JAGA STABILITAS PASAR, BRI SIAPKAN RP500 MILIAR UNTUK AKSI BUYBACK SAHAM

Terbit Pada

12 June 2026

Saham Terkait

Terakhir diperbarui: 19-06-2026, 10:31:am

16255077

IQPlus, (12/6) - PT Bank Rakyat Indonesia (Persero) Tbk (BRI) resmi mengumumkan rencana aksi korporasi untuk melakukan pembelian kembali (buyback) saham Perseroan yang tercatat di PT Bursa Efek Indonesia (BEI). Langkah strategis ini diambil sebagai respons atas kondisi pasar modal yang tengah mengalami fluktuasi secara signifikan. Aksi korporasi ini ditujukan untuk menjaga kinerja dan memperkuat stabilitas pasar modal tanah air.
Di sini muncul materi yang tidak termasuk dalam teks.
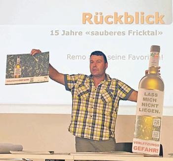 Remo Kämpfer, der für den Werkhof Magden tätig und Mitglied der Arbeitsgruppe ist, hielt einen Rückblick auf 15 Jahre «sauberes Fricktal» und präsentiere seine persönlichen Favoriten aus dieser Zeit. Ein Blickfang seien jeweils die Plakate mit von Kindern gestalteten
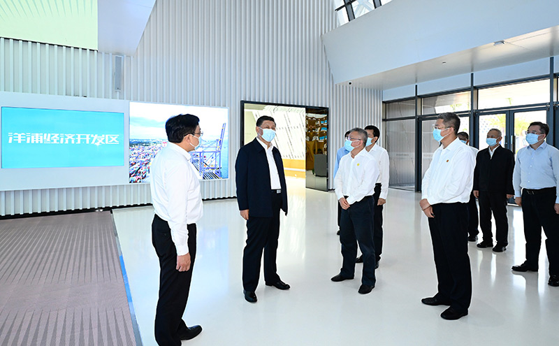 隨后,習(xí)近平來(lái)到洋浦國(guó)際集裝箱碼頭小鏟灘港區(qū),了解港口建設(shè)發(fā)展情況,同現(xiàn)場(chǎng)作業(yè)人員、掛職干部代表等親切交流。習(xí)近平強(qiáng)調(diào),振興港口、發(fā)展運(yùn)輸業(yè),要把握好定位,增強(qiáng)適配性,堅(jiān)持綠色發(fā)展、生態(tài)優(yōu)先,推動(dòng)港口發(fā)展同洋浦經(jīng)濟(jì)開(kāi)發(fā)區(qū)、自由貿(mào)易港建設(shè)相得益彰、互促共進(jìn),更好服務(wù)建設(shè)西部陸海新通道、共建“一帶一路”。他指出,黨中央選派干部來(lái)自由貿(mào)易港掛職,既體現(xiàn)了黨中央對(duì)自由貿(mào)易港建設(shè)的關(guān)心和支持,也是對(duì)干部的培養(yǎng)鍛煉,要發(fā)揮掛職干部的積極作用,讓他們?cè)诨鶎右痪€增長(zhǎng)才干。

Pelaksanaan buyback saham ini didasarkan pada regulasi ketat, mengacu pada Peraturan Otoritas Jasa Keuangan (POJK) Nomor 13 Tahun 2023 serta Surat OJK No.S-10/D.04/2026 tertanggal 13 Maret 2026. Emiten perbankan plat merah ini mengalokasikan dana segar dari kas internal dengan nilai total seluruh buyback diperkirakan sebesar-besarnya Rp500.000.000.000 (lima ratus miliar rupiah).

Sesuai jadwal yang telah ditentukan, perkiraan periode pelaksanaan buyback akan berlangsung selama tiga bulan, terhitung sejak keterbukaan informasi diterbitkan pada 12 Juni 2026 hingga berakhir pada 11 September 2026. Manajemen BRI menegaskan bahwa pembelian saham akan dilakukan melalui satu anggota bursa efek secara bertahap maupun sekaligus, dengan tetap memperhatikan kondisi likuiditas, permodalan, serta peraturan perundangan yang berlaku.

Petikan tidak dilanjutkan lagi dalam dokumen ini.